Boston.com THIS STORY HAS BEEN FORMATTED FOR EASY PRINTING
COUPLING

Can you hear me now?

Yes, I love my wife, but my female pen pal in the Midwest has become the sounding board I need.

Early last year, my 16-year-old son was looking to improve his writing skills to prepare for upcoming SAT exams and college essays. I suggested he find a pen pal and helped him search for one through an online service. To help motivate him, the whole family decided we’d all try to adopt a pen pal as well. My wife, Julie, found someone who was OK at first but then became more of a mailbox litterbug, preferring to forward inane messages several times a day rather than striking up any real conversation. My son and 13-year-old daughter got some promising responses but eventually lost interest.

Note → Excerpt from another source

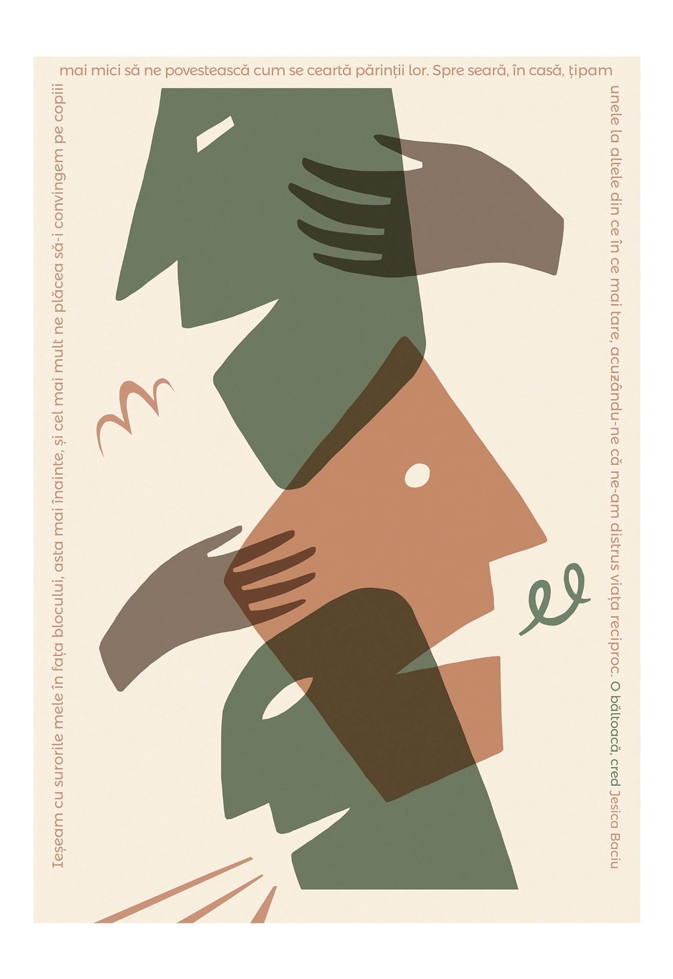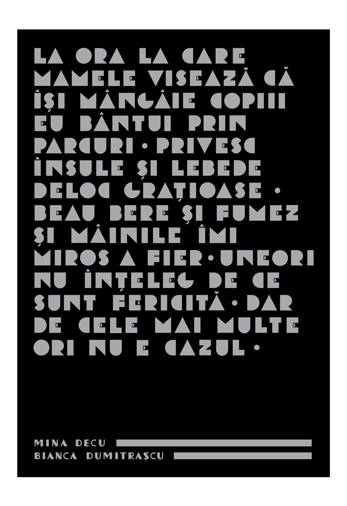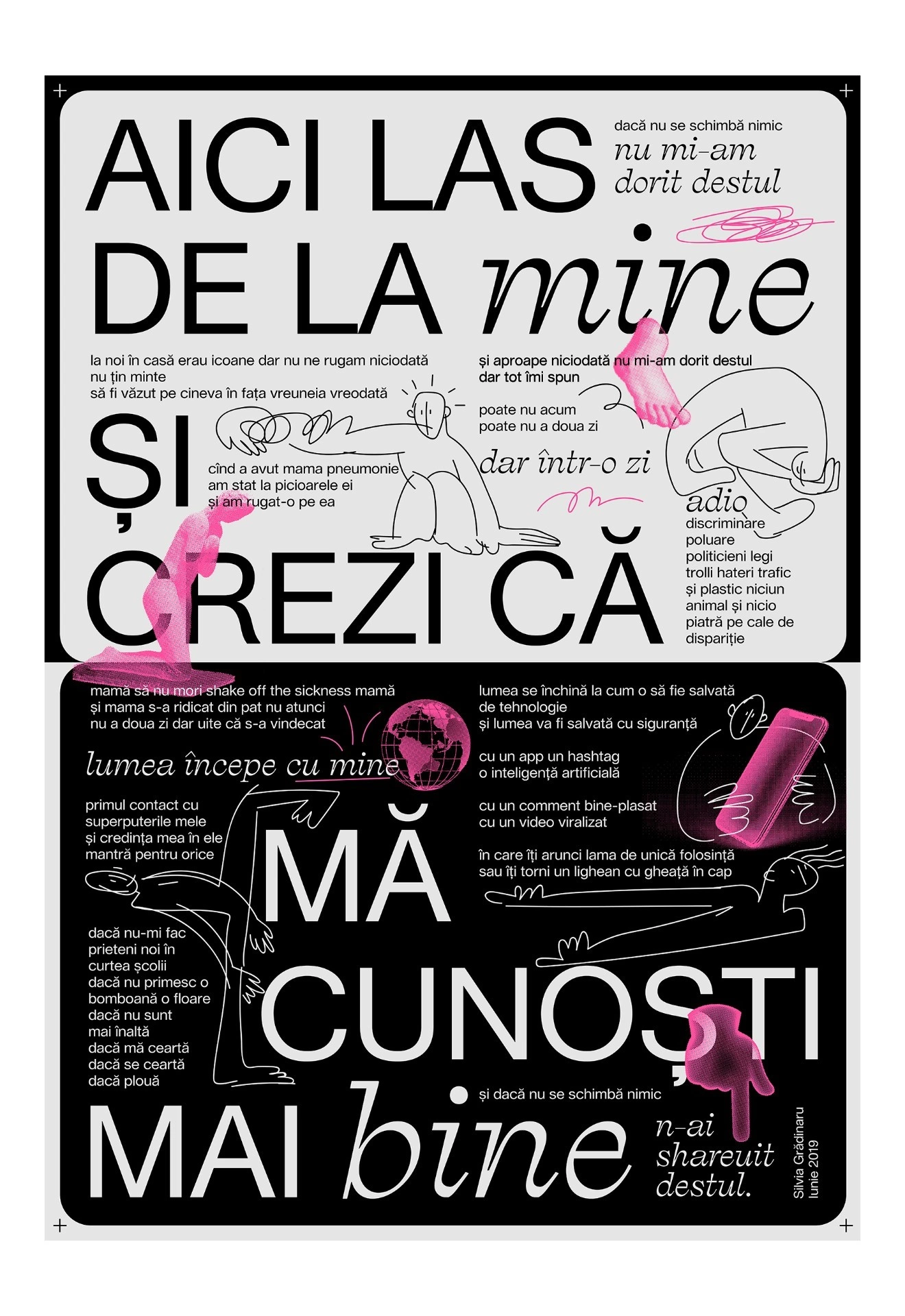 Cu toate aceste lucrări ar fi urmat să se întâlnească direct, pe stradă, toți cei care-ar fi trecut primăvara asta prin fața Muzeului Național de Artă din București, unde au fost expuse. Doar că, odată cu restricțiile impuse de carantină și cu ieșirea plimbărilor din repertoriul obiceiurilor noastre până nu demult banale, nu prea mai are cine să le vadă. Ne-am gândit că, dacă tot #stămîncasă, ne-ar prinde bine să fim flâneuri măcar cu mintea & clicul. Așa că publicăm patru dintre lucrările colaborative din seria inițiată de studio GLITCH, cu invitația de a-i descoperi pe toți poeții, designerii, ilustratorii și typographer-ii în galeria digitală sau pe Instagram.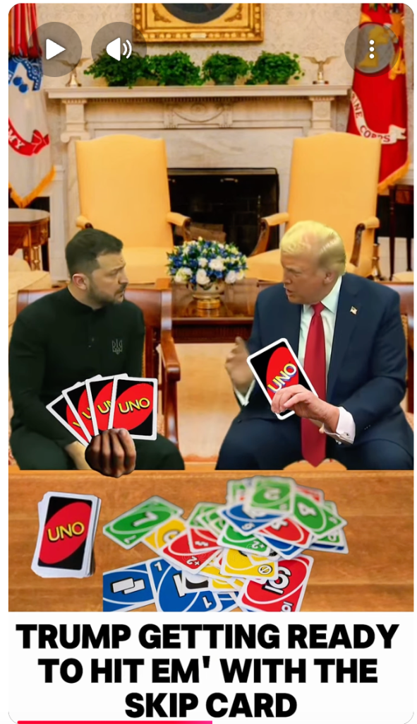 It’s absurd, it’s uncomfortable, and it’s funny in the way only power struggles can be when they accidentally resemble a sleepover argument between grown adults who all swear they’re being very calm right now. By the end of the clip, no one has officially won, no one has officially lost, but the audience knows exactly what just happened: Trump thinks he’s holding the deck, Zelenskyy thinks he’s playing for stakes that actually matter, JD Vance is somewhere offscreen acting as the world’s most intense UNO referee, and the Oval Office has briefly transformed into the least relaxing game night imaginable, where instead of snacks you’re handed ultimatums and instead of saying “UNO,” you’re told to say “thank you.”

I didn’t want to give up on the pen pal idea, though. I am blessed with a wonderful family and am interwoven into a close-knit, small-town community where neighbors seem like family. As a person who was forced to move from town to town as a boy and never able to establish roots for much of my childhood, this has been an idyllic way of life. Such intimacy offers significant rewards, yet there were times, especially as I entered my 40s, when I wished I could have an outside voice to share things with, an outlet removed from that jumbled collective of beloved friends and family. Someone who would have a greater capacity to communicate without reservation or judgment would be an invaluable asset.

I sifted through some unusual, often amusing, even occasionally disturbing pen pal responses, but found only one that stuck out as belonging to someone who might offer more than just an occasional “HOW R U 2DAY?” It was from Jenny, a self-described “farm girl” from a small town in Ohio who like myself is a municipal employee and has a spouse and teenage children and who listed interests similar to my own. After a few e-mails confirmed that we were both accurately portrayed in our profiles (sadly not the case with many others), we agreed to see if we could form a friendship.

Of course, the thought of having a female pen pal immediately set off little red warning lights. While there are advantages to having another woman’s outlook on different subjects, we all have heard of instances where Internet relationships turn to romance, and I had no interest in finding a replacement for the fabulous Julie. I consulted my wife, and she recognized that this was something important to me and more of an exercise in trust than tryst. Jenny’s husband also gave his blessing, and our unique friendship was underway.

Jenny and I write each other perhaps two to three times a week. We might keep it light and joke about current events, or go a little deeper and ask for advice or share experiences long forgotten by others yet still deeply rooted in our hearts. We never feel obligated to reply right away, unless there is an urgent problem that requires insight.

In a little more than a year, Jenny and I have developed one of the most extraordinary friendships I have ever known. I have never heard her voice and have only seen her picture (well, a picture of her and one of her goats), but that matters little for the kind of trusted relationship we have developed. Writing to her is like making entries in an interactive journal, where you can divulge anything you want, with the bonus of having a response to your thoughts by a remarkably insightful voice that seems to know a side of you unexposed to the rest of the world. It is a perspective every person should find at some point.

Will we ever meet in person, or, for that matter, would we ever want to? The Wizard of Oz warns Dorothy to pay no attention to the man behind the curtain, and maybe that’s sound advice. It would be difficult to say how a face-to-face encounter would affect our relationship, one unique for its lack of prejudgment and inhibition. Perhaps someday we’ll meet, but for now I am more than content knowing that my confidante will always be there whenever I need her, a testament that platonic relationships between men and women can still exist.